Lomas v JFB Firth Rixson Inc [2012] EWCA Civ 419 (3 April 2012) is the name of a series of co-joined appeals heard by the English Court of Appeal in relation to the efficacy of certain provisions under the standard form ISDA Master Agreement (1992 form).[1] Four appeals were consolidated into a single hearing, and in a comprehensive joint judgment delivered by Lord Justice Longmore the Court attempted to provide definitive resolutions to various issues of interpretation which had given rise to conflicting judgments at first instance. One academic commentator has referred to the case as a "comprehensive judgment [which] masterfully resolved a number of conflicting strands of jurisprudence".[2]

The decision dealt with many of the same issues as the controversial Metavante ruling in the New York courts,[3] although coming to the opposite conclusion under English law.[4]

Facts[]

The facts varied between the individual appeals, but the common theme in each of them was that an Event of Default (as defined) had occurred under an ISDA Master Agreement, but the Defaulting Party (as defined) was "in the money", in the sense that if the open positions were all to be terminated, the non-Defaulting Party would have had to pay over considerable sums to the Defaulting Party to close out the various positions. However, in each case the relevant Master Agreements had not provided for automatic early termination upon an Event of Default. Accordingly, each non-Defaulting Party could simply elect not to terminate on the basis of the Event of Default and avoid paying the sums otherwise due to the Defaulting Party.

This problem was then compounded by the drafting of the ISDA Master Agreement which stated that non-occurrence of an Event of Default was a "condition precedent" to any payment obligation. In the cases before the court, because the Event of Default was continuing up until the time when the financial contracts would naturally have come due for payment, the non-Defaulting Parties argued that they never had to pay the sums due because the condition precedent was not satisfied; in essence they were entitled to a windfall and could avoid their liabilities under the relevant derivative contracts because of the other party's default.

The need for a comprehensive statement of the law by the Court of Appeal had been driven in part by a decision of Flaux J in Marine Trade SA v Pioneer Freight Futures Co Ltd [2010] Lloyds Rep 631 where the court had taken a position contrary to the orthodox market view in relation to the close-out provisions.[2]

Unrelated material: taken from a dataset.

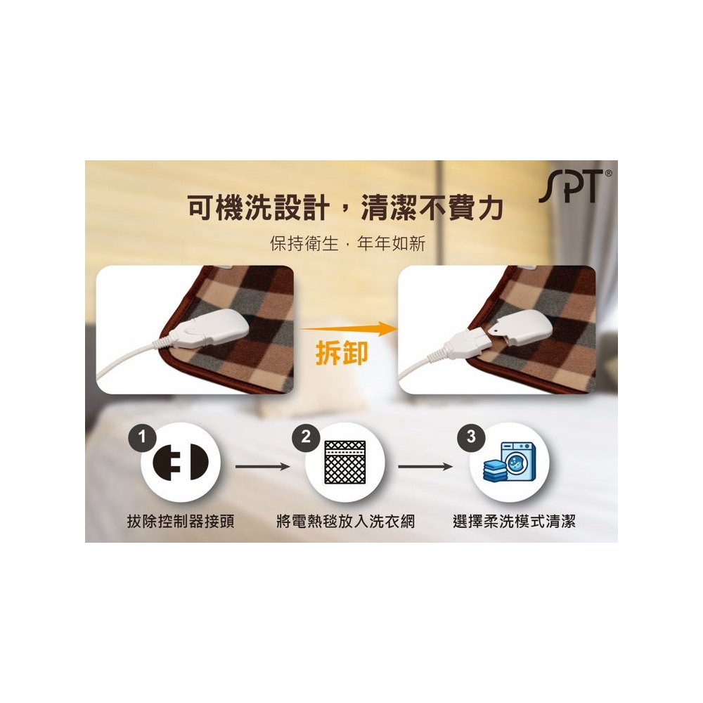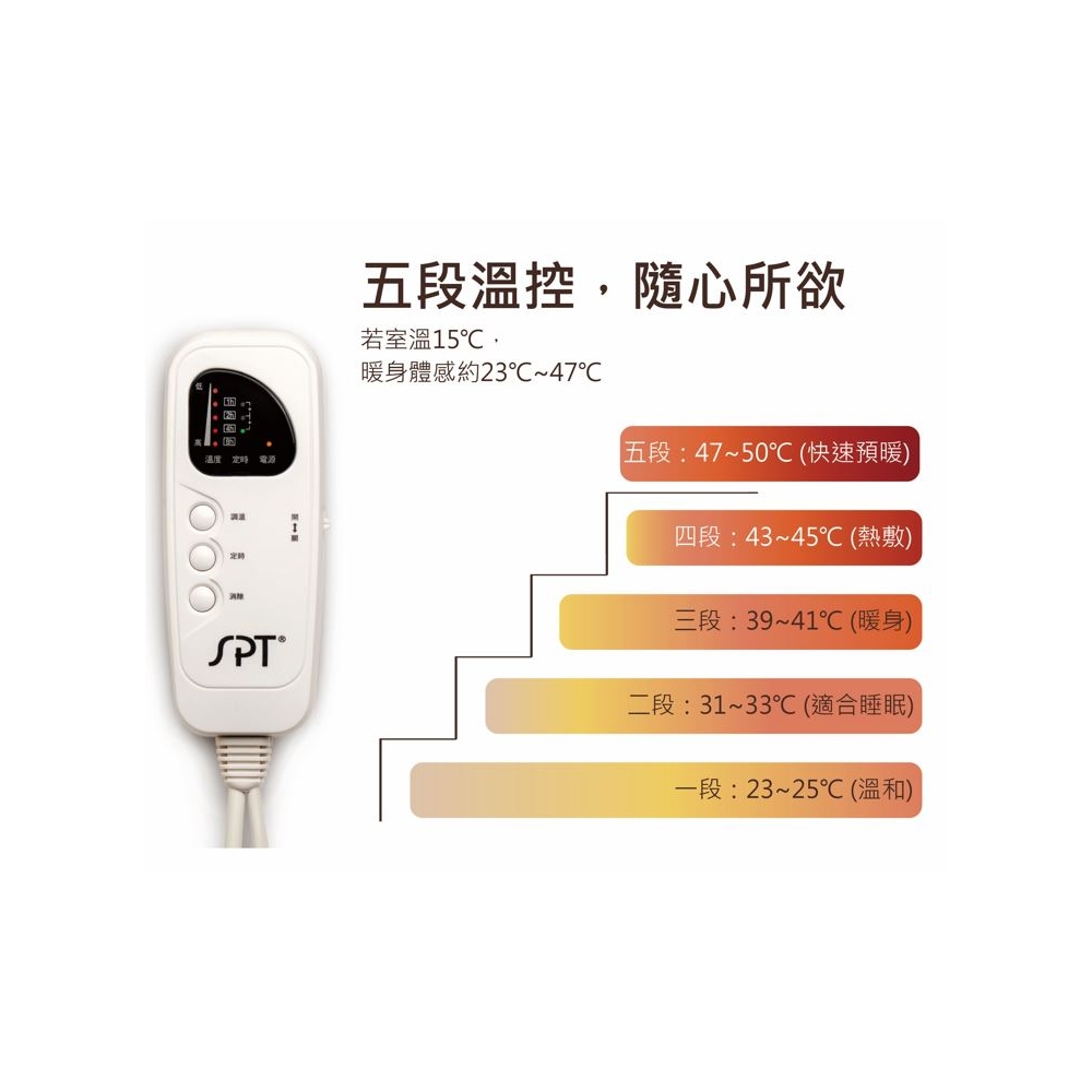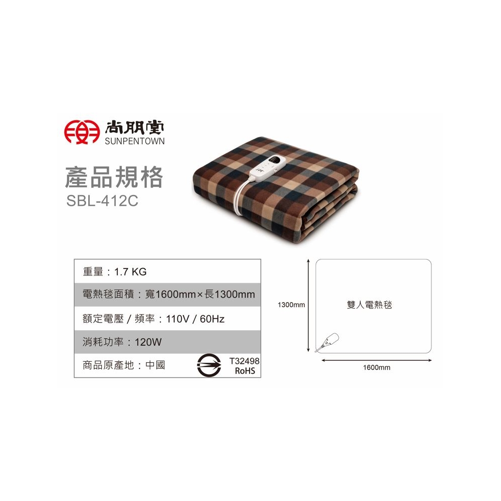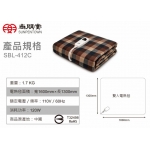 | 品 名 | 微電腦雙人電熱毯(短絨毛) | 型 號 | SBL-412C | 消耗功率 | 120W |
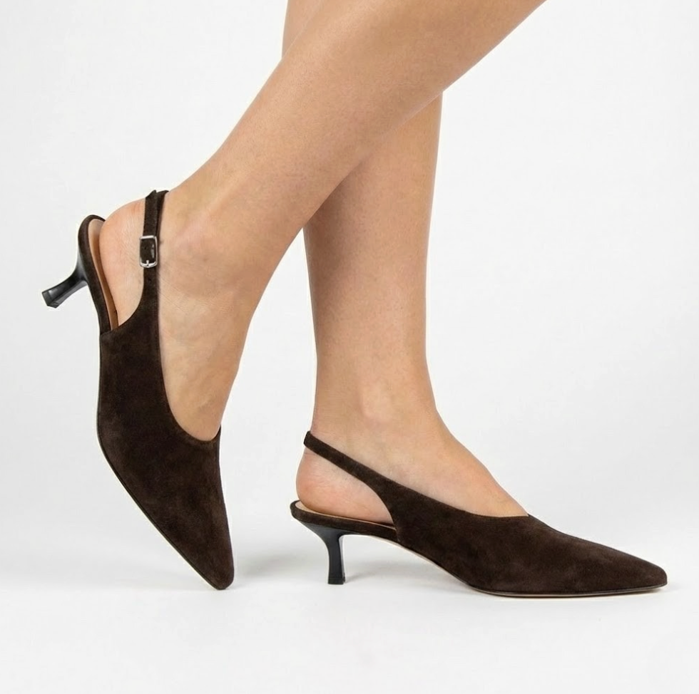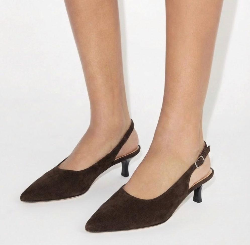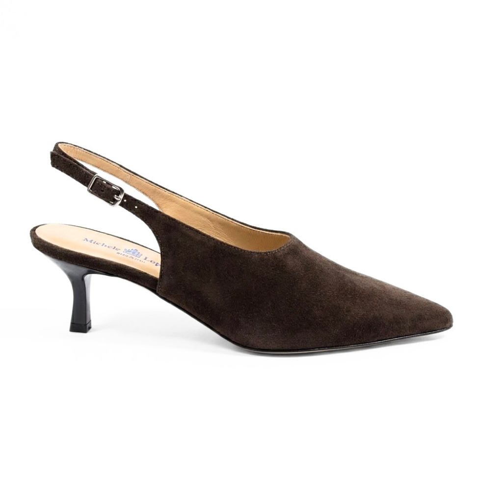 DÉCOLLETÉ SLINGBACK IN CAMOSCIO TESTA DI MORO CON PUNTA SFILATA E TACCO MEDIO

The different appeals had different derivative contracts under consideration, but most of the legal issues which arose were capable of being dealt with on a cojoined basis. The consolidated appeals were:

Summary of co-joined appeals
No. Litigants Type of derivative(s) Automatic Early Termination?
1. Lomas v JFB Firth Rixson Inc Multiple interest rate swaps No AET
2. Lehman Brothers Special Financing Inc v Carlton Communications Limited Two linked interest rate swaps No AET
3. Pioneer Freight Futures Company Limited (in liquidation) v Cosco Bulk Carrier Company Limited Eleven forward freight agreements AET
4. Bulk Trading SA v Britannia Bulk plc (in liquidation) Single forward freight agreement AET

Judgment[]

In a long and often difficult judgment, the Court of Appeal sought to break the various points into individual issues which it addressed separately.

Suspension of payment[]

The Court of Appeal confirmed that because the non-occurrence of an Event of Default was a condition precedent to payment under the Master Agreement, this meant that if an Event of Default was continuing that no party could be under an obligation to make payment even if payment was otherwise due unless the non-Defaulting Party exercised its right to early termination. Effectively, under the contractual terms of the ISDA Master Agreement, the non-Defaulting Party was able to preclude its own liability to pay by relying upon the occurrence of an Event of Default in relation to the other party and simply not exercising the right to terminate. They rejected any argument that there was an implied term on the part of the non-Defaulting Party to terminate within a reasonable period of time or at all after the occurrence of an Event of Default.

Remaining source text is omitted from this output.